Said Antonio Sano: "When he's not at college, he's with me at the barn every day."

 

Alex moved with his family (including mom Maria Cristina, younger brother Maurizio, and kid sister Marielena) to South Florida from their native Venezuela seven years ago after his father was kidnapped for a second time and held for ransom for 36 days. Making the transition easier was the relocation to the Broward County town of Weston, nicknamed "Westonzuela" and where about 10% of the population was born in Venezuela. The community on the edge of the Everglades was described by the Sun-Sentinel newspaper as a "suburban oasis filled with opportunity for exiles whose economic dreams were crushed and lives threatened under President Hugo Chavez's leftist-populist rule."

 

While he went with his father to the racetrack in Venezuela, Alex says Maurizio was more into it, hitting up the jockeys for their goggles and whips. 

 

"When we came to the United States, I started getting more interested," Alex said. "I said, 'Wow, this is big business with big prosperity, big money involved. This is a fun sport.' I started following horses from 2010 until now. I follow the pedigrees of horses. I've made some statistics the last couple of years about dams and sires, and it's been giving us pretty good results in the barn."

 

When Antonio went to Keeneland's 2015 September yearling sale, he gave his older son a list of all the horses that the stable's owners had interest in buying.

 

"I was able to narrow the list to 20, 25 horses," Alex said. "Gunnevera was one of them.

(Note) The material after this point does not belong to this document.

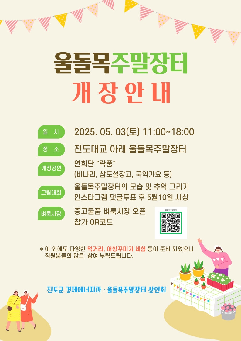 진도군은 "울돌목 주말장터가 지역민과 관광객이 함께 어우러지는 명소로 자리 잡길 기대하며 많은 관심과 참여를 바란다"고 밝혔다.

The reason I picked Gunnevera was because Dialed In   was a big horse when he ran in Florida (winning the Florida Derby (G1)), which is one of the factors I like. He also was a freshman sire and I knew (his offspring) wouldn't cost much."

 

Dialed In is a son of 2003 Horse of the Year Mineshaft  . Alex said he also liked that the colt's broodmare sire was 1990 Kentucky Derby and Breeders' Cup Classic (G1) winner Unbridled.

 

"I told my dad, 'Don't think twice. It would be a good shot to take,'" he said.

 

Guess so. The Darby Dan Farm stallion Dialed In's stud fee of $15,000 is $1,000 less than what Gunnevera cost. The colt has earned $1,170,000, amassed from victories in the Saratoga Special Stakes (G2), Delta Downs Jackpot Stakes (G3), Xpressbet Fountain of Youth Stakes (G2) and a late-running third in the Florida Derby (G1), won by Kentucky Derby winner Always Dreaming.

 

Alex always knew he'd go to college, where he says he has a grade point average of 3.7 on a 4.0 scale. He hopes to attend veterinary school and become a racetrack vet.

 

"My parents always told me, 'Regardless of how much you love the sport, you have to go to college,'" he said. "We are living the American dream. That's because of the hard work my mother and dad put in when they migrated to the United States."